Supporting Information
Figure S1. Tandem Mass Spectra of Novel Peptides
The annotated MS/MS spectra of peptides from (A) T01B11.3 (SYN-4) and (B) F47B7.7.
https://doi.org/10.1371/journal.pbio.1000048.sg001
(289 KB PDF)
Figure S2. Coordinated Expression of Operon Genes
The number of detected loci per operon deviates from what would be expected under simple independence, as shown exemplary for operons of lengths 4–6 (A–C). A higher fraction of operons than expected is either fully expressed (all proteins detected) or hardly expressed at all (none or only few proteins detected).
https://doi.org/10.1371/journal.pbio.1000048.sg002
(23 KB PDF)
Figure S3. Proteins Encoded by Operon Genes Are More Abundant Than Those of Singleton Genes, Even When Focusing Exclusively on Embryos, L1, and Dauer Larvae
Although clearly significant, the effect size is lower than for the whole, presumably due to undersampling (each plot represents less than 12% of the total data). Medians are indicated as black dots, and whiskers encompass the range from 25% to 75% of values.
https://doi.org/10.1371/journal.pbio.1000048.sg003
(775 KB PDF)
Figure S4. Comparing the Abundances of Proteins and Transcripts, Specifically in Embryos Only (Worm and Fly)
(A) Protein abundances of 1,195 conserved pairs of orthologs, which were detected in embryos of both D. melanogaster and C. elegans, and for which transcript data were available (see below). Protein abundances were estimated by spectral counting (limited to data from experiments using embryos, reducing the data to about one tenth of the total).
(B) Spearman rank correlation coefficients. Protein abundances correlate better across organisms than transcript abundances, and better than protein versus transcript within organisms.
(C) Transcript abundances of the same 1,195 conserved pairs of orthologs as in (A), from published measurements using Affymetrix arrays. Raw CEL files were reanalyzed using the MBEI algorithm as implemented in the cCHIP package. C. elegans embryo data were from the Genome British Columbia C. elegans Gene Expression Consortium, and the D. melanogaster data was from the ArrayExpress database, using wild-type controls from the experiments E-GOED-2780, E-MEXP-879, and E-MEXP-623, which cover embryonic development at a number of time points ranging from 2.5 h to 19 h after egg-laying. Medians of equal-sized bins are indicated as crosses; whiskers encompass the range from 25% to 75% of values.

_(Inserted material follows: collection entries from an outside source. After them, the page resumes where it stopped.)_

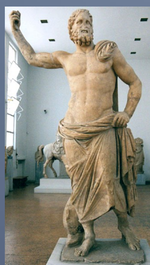
Posidón de Melos. S. IV a.C. Atenas, Museo Arqueológico Nacional

En el siglo IV se impusieron varios prototipos monetales nuevos, también en estrecha relación con la escultura monumental; merecen citarse, en este punto, el Posidón de Eleusis y el Posidón de Melos, obras que marcan el camino hacia el arte helenístico, con su acentuado naturalismo: sus imágenes son evocadas casi al pie de la letra en las monedas. En el reino de Macedonia, Demetrios Poliorcetes utiliza una efigie del dios análoga a la conocida desde los primeros cuños de Posidonia en el reverso, mientras que en el anverso puede aparecer la imagen del rey, deificado (con cuernos de toro), o una Nike montada en el castillo de proa de una embarcación, haciendo sonar su salpinx , para anunciar el triunfo naval. En otros casos, el dios aparece sedente, sobre una roca y sosteniendo en la mano un "aplustrum".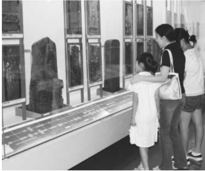
夏休みに自由研究の題材にも

市では、男女共同参画社会の実現に向けて、企画展開催に合わせて、流山の庚申塔を写真と解説で紹介するスライドショー「流山庚申塔散策」を行います。▽期日 8月19日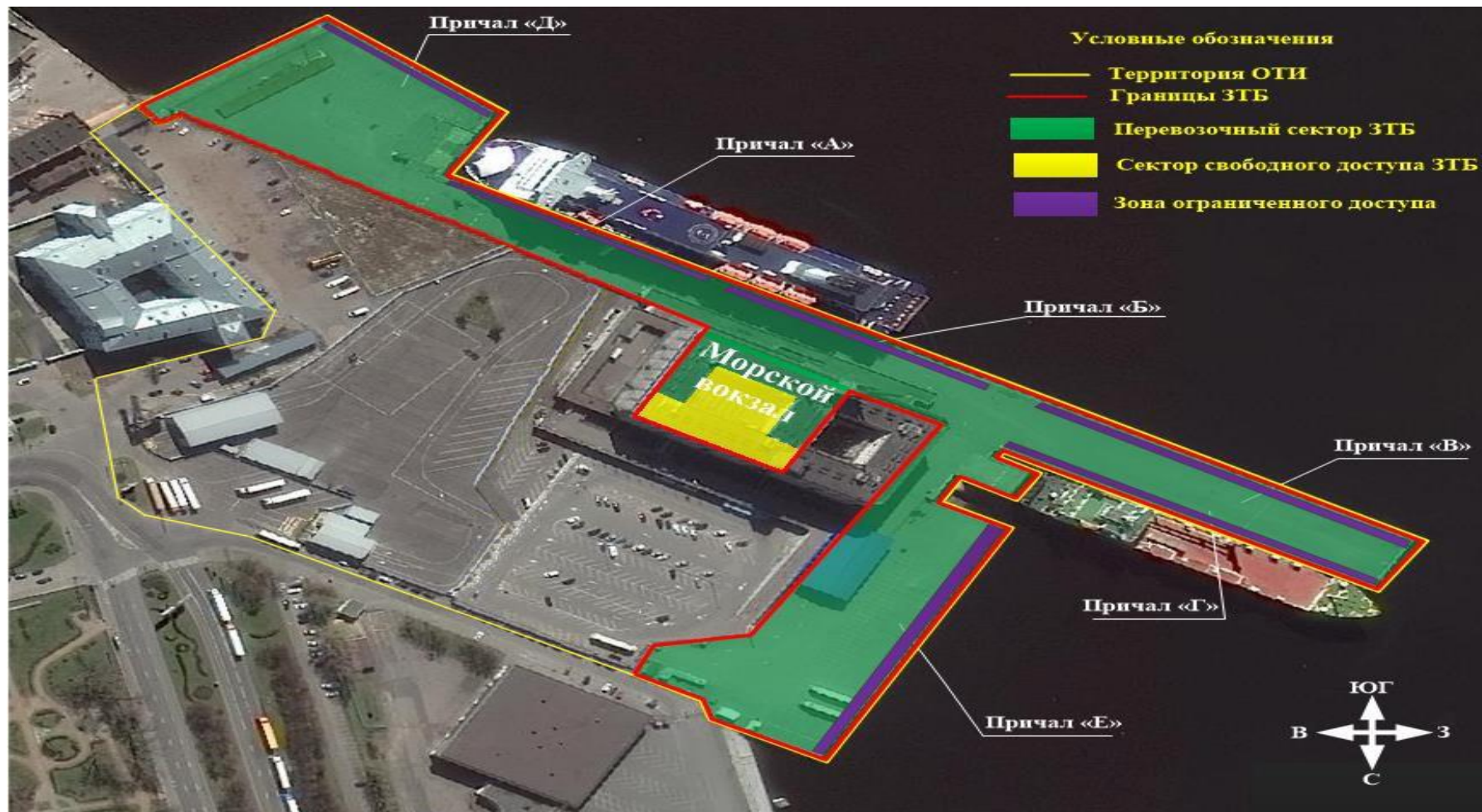
Схема 1. Схема объекта транспортной инфраструктуры и границы зоны транспортной безопасности (сектор свободного доступа, и перевозочный сектор) ОТИ «Морской терминал»

https://doi.org/10.1371/journal.pbio.1000048.sg004
(430 KB PDF)
Figure S5. Down-Sampling of Proteomics Data to Ensure Independence of Peptide Counts
Individually aligned pairs of orthologs were scanned for residues R and K, in order to identify aligned tryptic cleavage sites (red vertical lines). Peptide identifications were then down-sampled in alternating stretches of the alignment, to make sure that orthologous peptides are counted for one of the two organisms only. The Spearman rank correlation dropped to 0.68. Intriguingly, this result is almost identical to what is expected simply due to the reduction of the data by half (RS = 0.67 when randomly discarding 50% of the peptides); this shows that the strong correlation between C. elegans and D. melanogaster is not simply due to a tendency of orthologous peptides to be detected equally well. To also exclude local effects (i.e., dependencies between neighboring peptides), an independent test was performed for which proteins were cut in half, and N-terminal and C-terminal fragments were counted separately. In this test, when comparing orthologous proteins only via nonoverlapping halves (N-terminus versus C-terminus), the cross-organism correlation dropped to 0.66. In contrast, when comparing N-termini with N-termini (or C-termini with C-termini), the correlation was higher (0.71). This indicates that there are indeed some local dependencies between peptide counts, but not enough to explain the high interorganism correlation we observe when using the full data.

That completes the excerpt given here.